What is a myth? How does it differ from other stories? Why are there so many stories linking gods, goddesses and part god part human figures? What could ancient people have needed to tell, accomplish by telling stories about the constellations in the sky? If you don't know a story about a constellation could you make one up that has meaning?

Materials: Greek Myths and other myths from a variety of cultures


Activity 4-16: Understanding Star Maps

Materials: Five foot circle of heavy white paper; yarn; pencil; enlarged map of constellations for current month (available in Sky & Telescope, for instance); yardstick; silver, red, yellow, blue shiny paper; blue tempera paint (small amount of black added), watered down; crayons; colored chalk; white glue.

Discussion

How did this compare to making an earth map? Did this help students to remember the star groupings and other stars? Could they locate the constellations? North Star? What other ways could they help others to learn what they have learned? How have people used stars for maps? In what other way could this new knowledge help them in their lives? Students may choose a constellation formation, draw it and make a new form out of it. What name would they give to it? Students may discuss their observations and share theories about stars, their magnitudes, sizes, and configurations.

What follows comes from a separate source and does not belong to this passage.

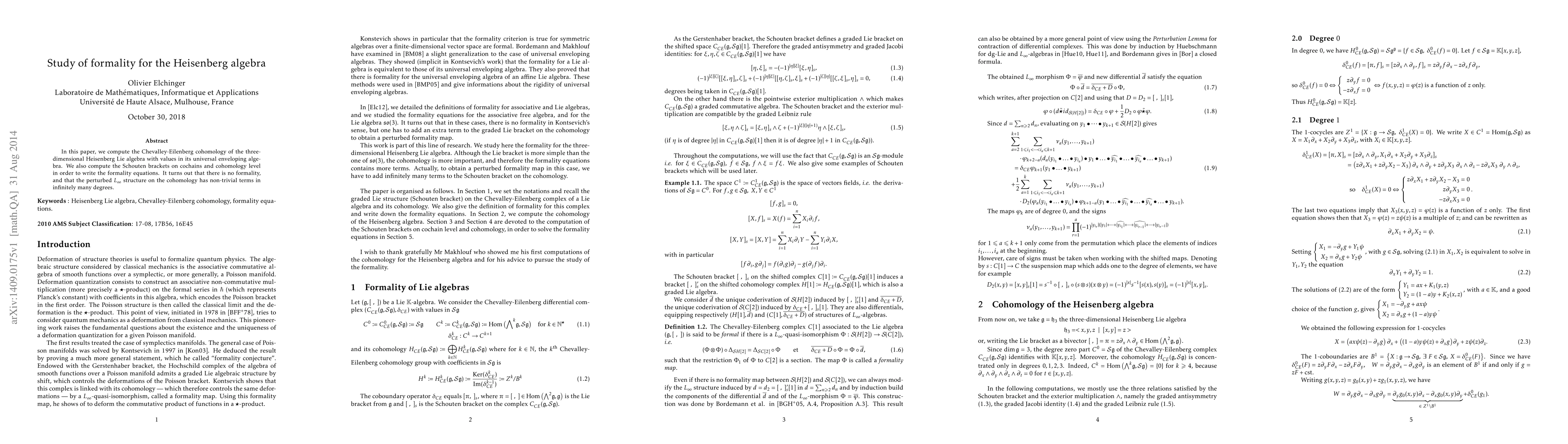 In this paper, we compute the Chevalley-Eilenberg cohomology of the three-dimensionnal Heisenberg Lie algebra with values in its universal enveloping algebra. We also compte the Schouten brackets on cochains and cohomology level in order to write the formality equations. It turns out that there is no formality, ans that the perturbed L-infinity structure on the cohomology has non-trivial terms in infinitely manu degrees.
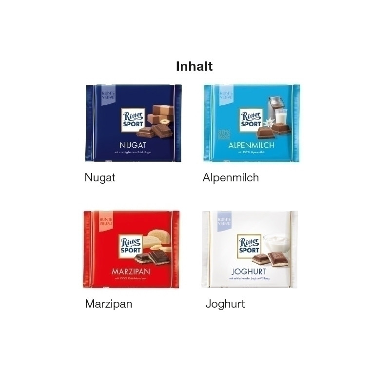 Ritter SPORT Schokolade 100 g mit FSC-zertifizierter Papierbanderole, klimaneutral, individuell bedruckt. Inhalt: Schokoladentafel der Marke Ritter SPORT (nur sortenrein), 100 g. Weitere Sorten ab einer Mindestmenge von 1.000 Stück auf Anfrage. Haltbarkeit: 6 Monate. Preise: Euro / Stück inkl. 4-c Euroskala Druck zzgl. Drucknebenkosten. Kühl und trocken lagern.

Activity 4-17: Understanding Distance in Space

The function of this activity is to give the students an understanding that constellations are not flat pictures in the sky, but rather the product of three-dimensional space. The stars are so far away that they appear flat, as if forming a dome above the Earth. Constellations are patterns of stars. For the most part, they are named after characters or animals in mythology. They usually do not look like what they are named for. For instance, Pegasus doesn't resemble a winged horse at all and Cygnus the swan looks more like a cross. Some, such as Canis Major (the large dog), are easier to imagine. The question of whether the stars that make up a constellation are as close to each other as they appear in the sky is a puzzle for students to solve. They should ask themselves what would they see if one star was both next to and far back from another. They should also be wondering why the sky seems flat. The following activity will demonstrate how constellations really are positioned in space, and should give students a better definition of a constellation.

Materials: Large flat field; paper plates.

Discussion

What is a constellation? Are the stars in the sky all the same distance from the Earth? Why do the stars appear to be flat in the sky? What else could be in space besides stars? What do these other objects do in space? Do objects in space move? Are there patterns to the arrangement of the stars? to their movement?


Activity 4-18: Using Star Maps

Note: Finding groups of stars is easier when done with a guide to help. The maps included for this activity are fairly uncomplicated. However, when gazing at the stars, the sky looks much different because of the numerous additional stars visible.

Your students should be able to find the Big Dipper, North Star, and the Little Dipper from the exercises in Chapter 1. Now they will observe more constellations in the night sky.

Materials: Star charts (one for each two month period, included here); flashlight, red cellophane paper to cover lens; rubber bands; binoculars (optional); journals

Discussion

Discuss the observations as a group. Students may have been recording their activities in journals and this should help them to share more easily and accurately. Have the students share their records of the changing positions of the circumpolar stars (or dippers).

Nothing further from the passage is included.